* _Information shown_:

==================================================

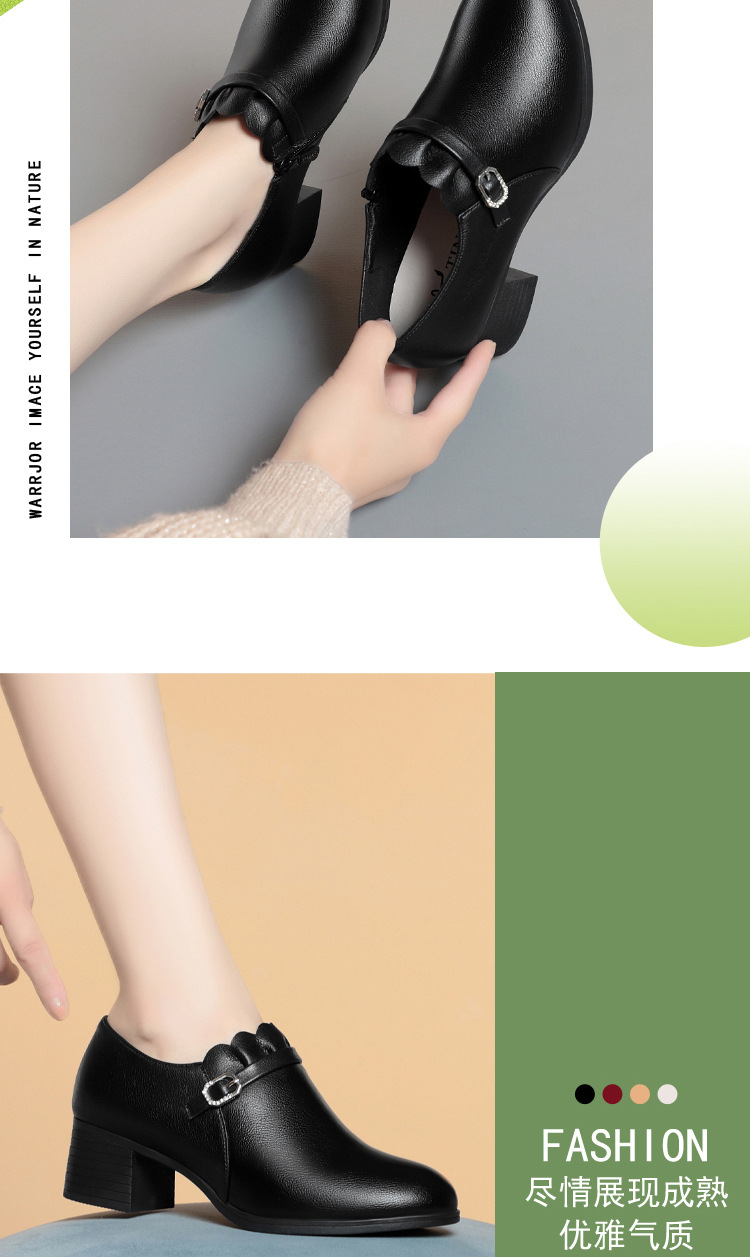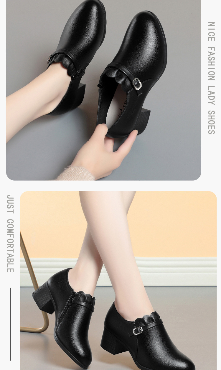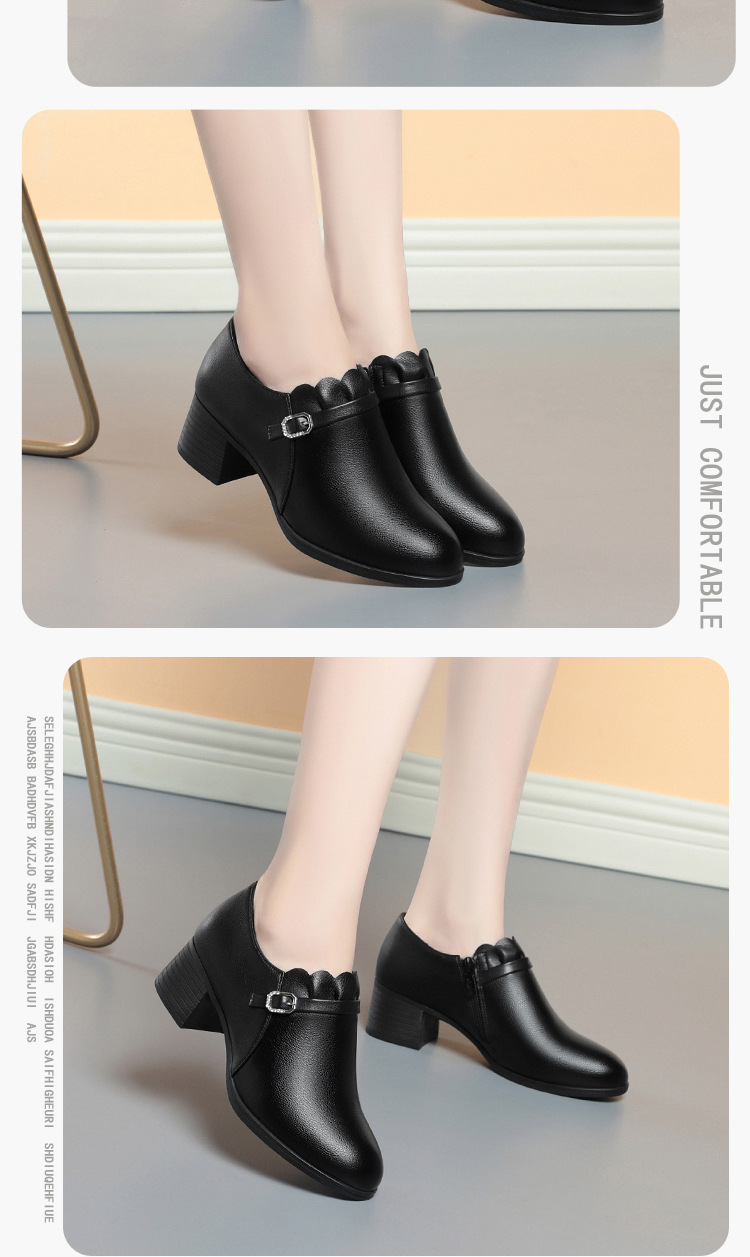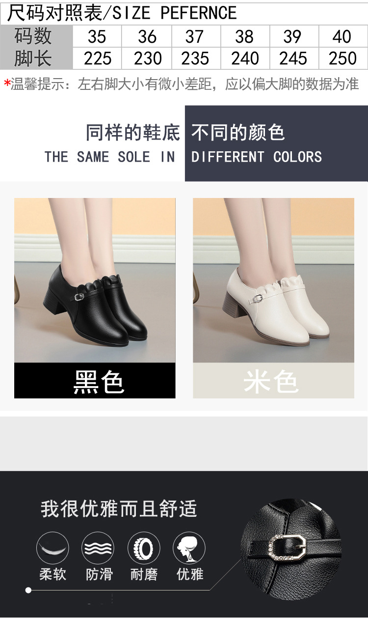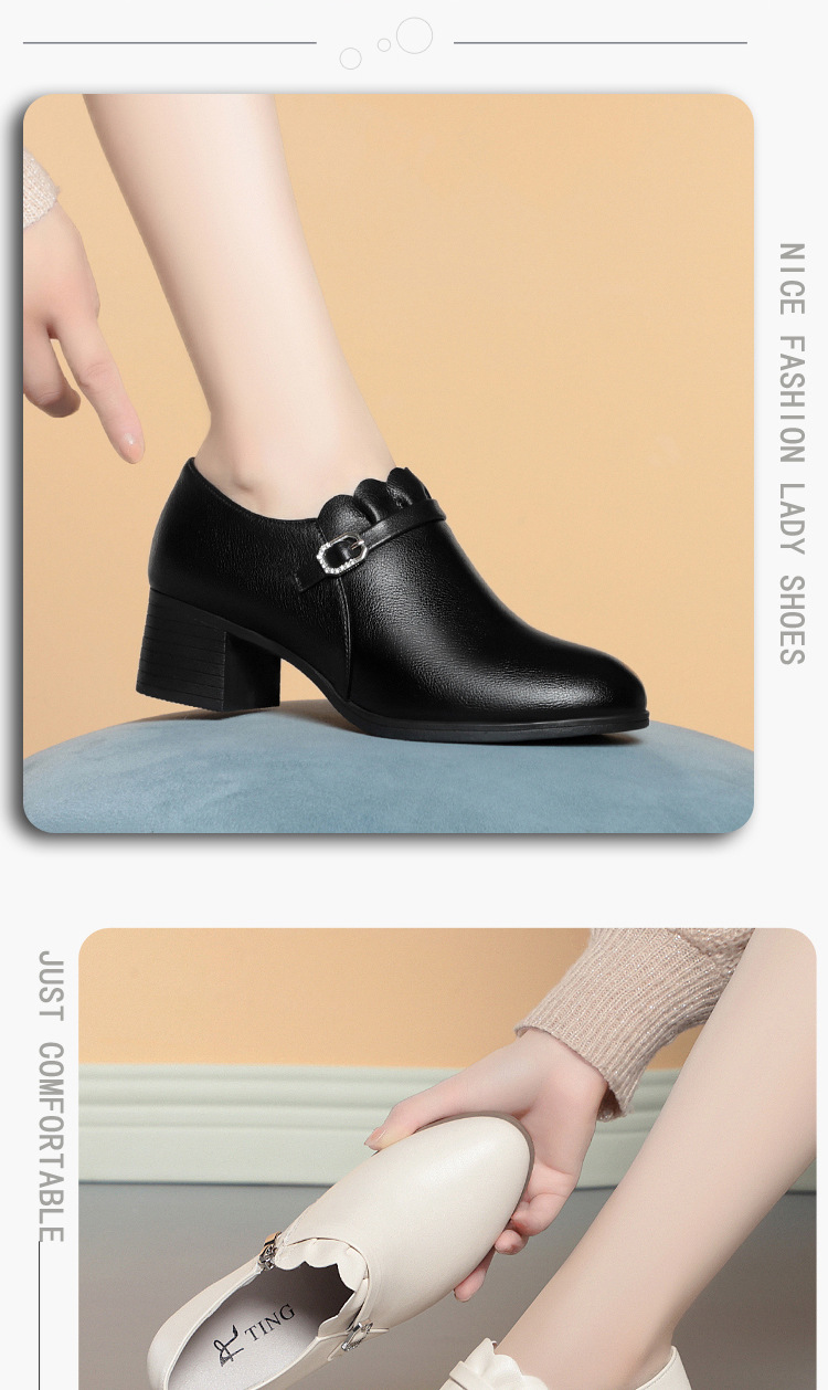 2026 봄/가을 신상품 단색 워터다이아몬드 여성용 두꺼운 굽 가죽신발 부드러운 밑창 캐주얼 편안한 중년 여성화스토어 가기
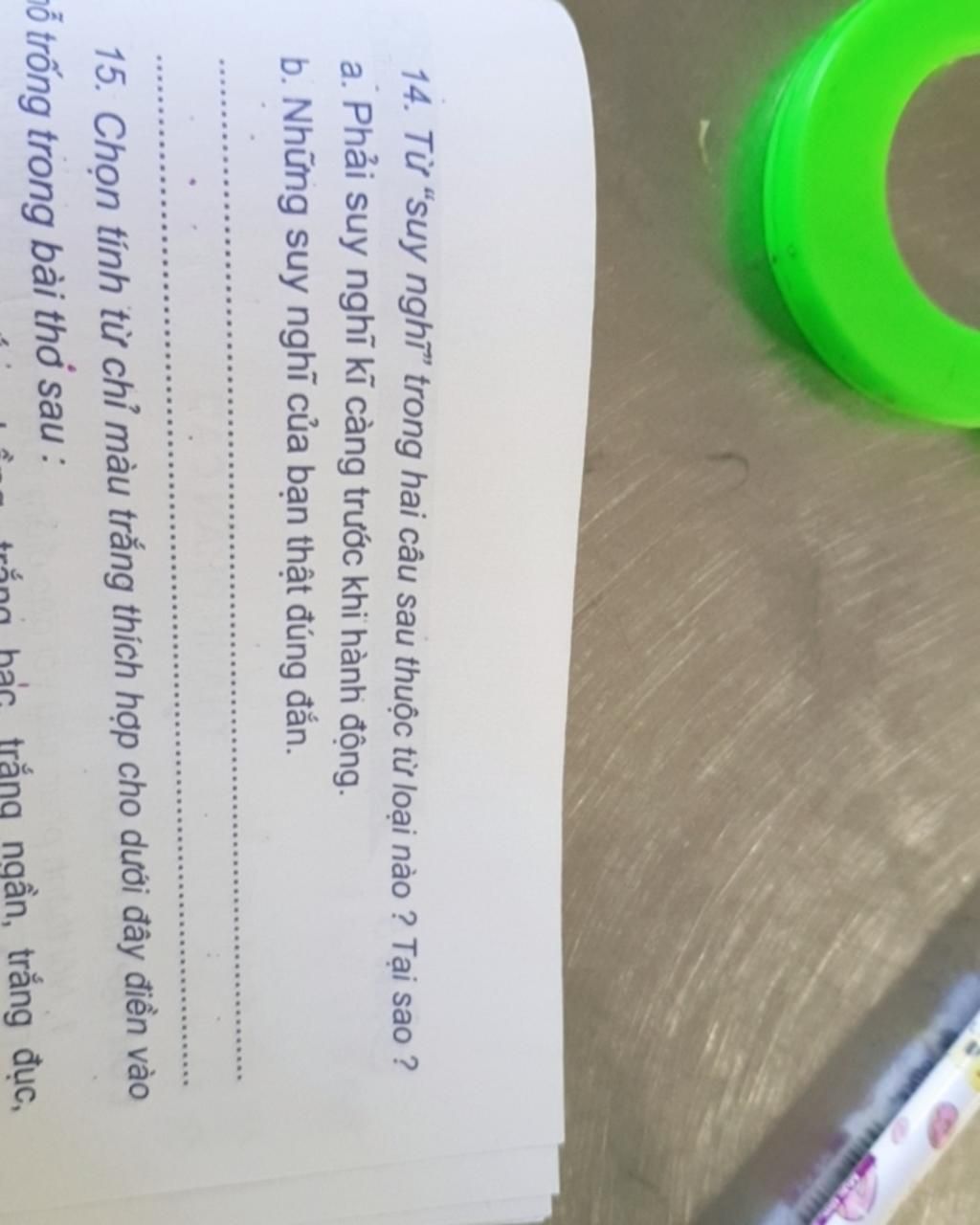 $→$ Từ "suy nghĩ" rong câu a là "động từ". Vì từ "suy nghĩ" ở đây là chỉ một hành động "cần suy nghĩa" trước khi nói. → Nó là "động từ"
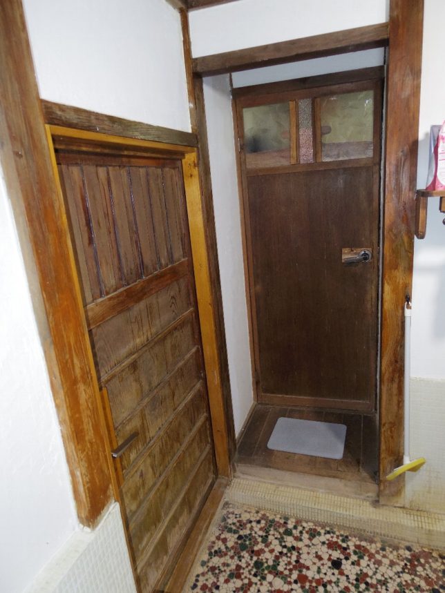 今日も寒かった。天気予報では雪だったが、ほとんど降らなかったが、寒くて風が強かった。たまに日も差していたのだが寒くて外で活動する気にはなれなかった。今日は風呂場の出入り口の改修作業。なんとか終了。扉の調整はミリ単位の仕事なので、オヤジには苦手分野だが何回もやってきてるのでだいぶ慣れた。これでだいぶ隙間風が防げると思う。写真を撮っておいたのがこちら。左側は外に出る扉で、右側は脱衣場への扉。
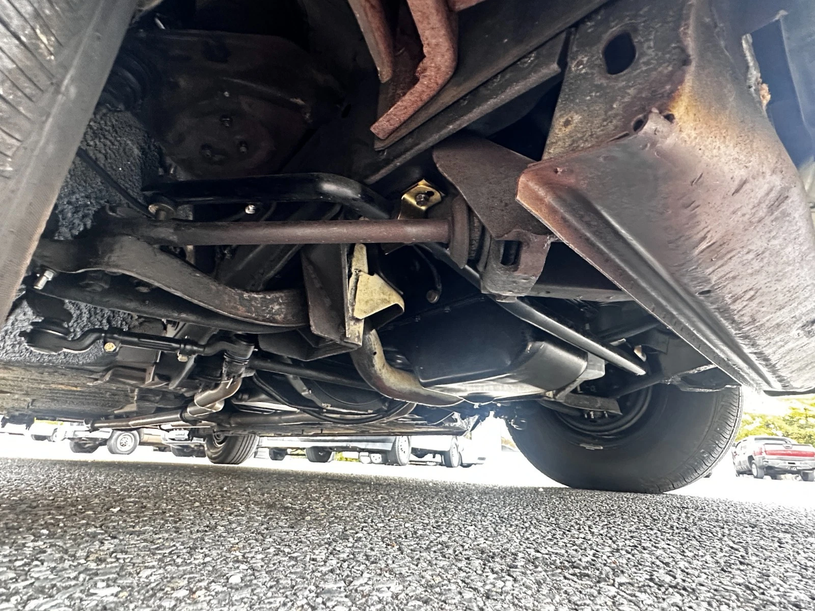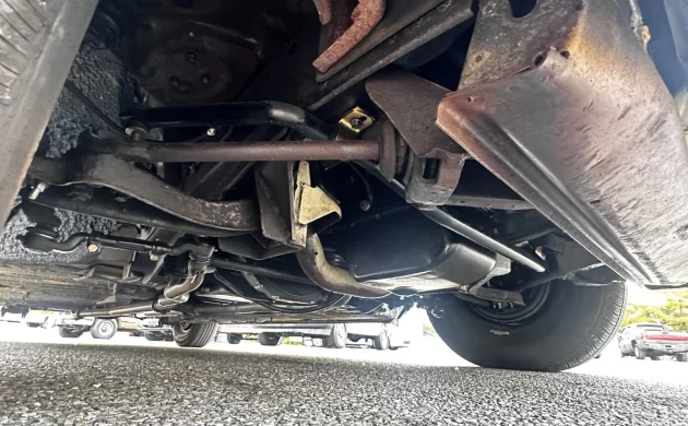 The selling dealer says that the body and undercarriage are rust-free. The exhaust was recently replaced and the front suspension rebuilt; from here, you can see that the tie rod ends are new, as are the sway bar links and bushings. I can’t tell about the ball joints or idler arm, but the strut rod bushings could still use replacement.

==================================================

* _Exercise prompt_: When copying the listing above, begin at its first line and stop after the line with "chỉ một hành", keeping each line exact and dropping the pictures.

* _Task response_:
 2026 봄/가을 신상품 단색 워터다이아몬드 여성용 두꺼운 굽 가죽신발 부드러운 밑창 캐주얼 편안한 중년 여성화스토어 가기
 $→$ Từ "suy nghĩ" rong câu a là "động từ". Vì từ "suy nghĩ" ở đây là chỉ một hành động "cần suy nghĩa" trước khi nói. → Nó là "động từ"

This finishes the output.